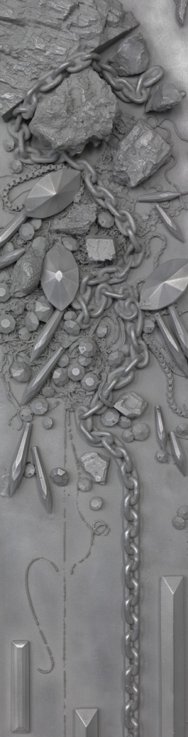 Date : 2018 Lieu : Rue de Grenelle Dimensions : H 6 m, 70m2 Techniques : Staff sur verre, fusain, pastel, huile et aquarelle |
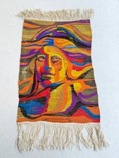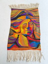 1970' MCM Space Age Carpet Rug Style Art Textile Woman Face Wall Panel Modernism
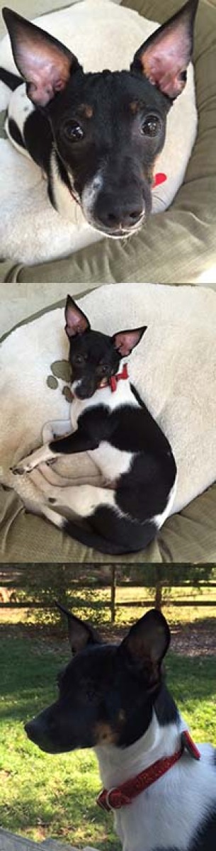 Look out world, here comes Thoroughly Modern Minnie! As happy as can be, Minnie sports a gorgeous coat of the blackest black and the whitest white. Adding to the contemporary effect are spots and speckles, scallops and freckles! She also has added touches of copper to enhance her eyebrows and cheekbones! Although a real head-turner in appearance, she also has brains and athleticism to add to her resume. Minnie is crate trained and house broken, but is given the opportunity to go outside frequently as she is still a puppy! Each day brings about a new adventure on her long walks. She is sometimes timid when encountering a new sight or sound, and is learning to ignore other dogs that are not as well behaved as she is! Minnie has learned how to sit on command and has wonderful eye contact and attention, so the sky’s the limit for training! She currently carries about 12 pounds on her petite, muscular frame. There is a lot of dog in this small package! Minnie would do well in a home with other fun loving canines and people who can not only keep up with her joyful activity level but also enjoy quiet time for cuddles and naps!  Please contact AFH today to learn more about this hip little lady!

::::::

• **THE PROBLEM**: Reproduce the full listing above verbatim, with no pictures included.

• **RESPONSE TO THE EXERCISE**:
 Date : 2018 Lieu : Rue de Grenelle Dimensions : H 6 m, 70m2 Techniques : Staff sur verre, fusain, pastel, huile et aquarelle |
 1970' MCM Space Age Carpet Rug Style Art Textile Woman Face Wall Panel Modernism
 Look out world, here comes Thoroughly Modern Minnie! As happy as can be, Minnie sports a gorgeous coat of the blackest black and the whitest white. Adding to the contemporary effect are spots and speckles, scallops and freckles! She also has added touches of copper to enhance her eyebrows and cheekbones! Although a real head-turner in appearance, she also has brains and athleticism to add to her resume. Minnie is crate trained and house broken, but is given the opportunity to go outside frequently as she is still a puppy! Each day brings about a new adventure on her long walks. She is sometimes timid when encountering a new sight or sound, and is learning to ignore other dogs that are not as well behaved as she is! Minnie has learned how to sit on command and has wonderful eye contact and attention, so the sky’s the limit for training! She currently carries about 12 pounds on her petite, muscular frame. There is a lot of dog in this small package! Minnie would do well in a home with other fun loving canines and people who can not only keep up with her joyful activity level but also enjoy quiet time for cuddles and naps!  Please contact AFH today to learn more about this hip little lady!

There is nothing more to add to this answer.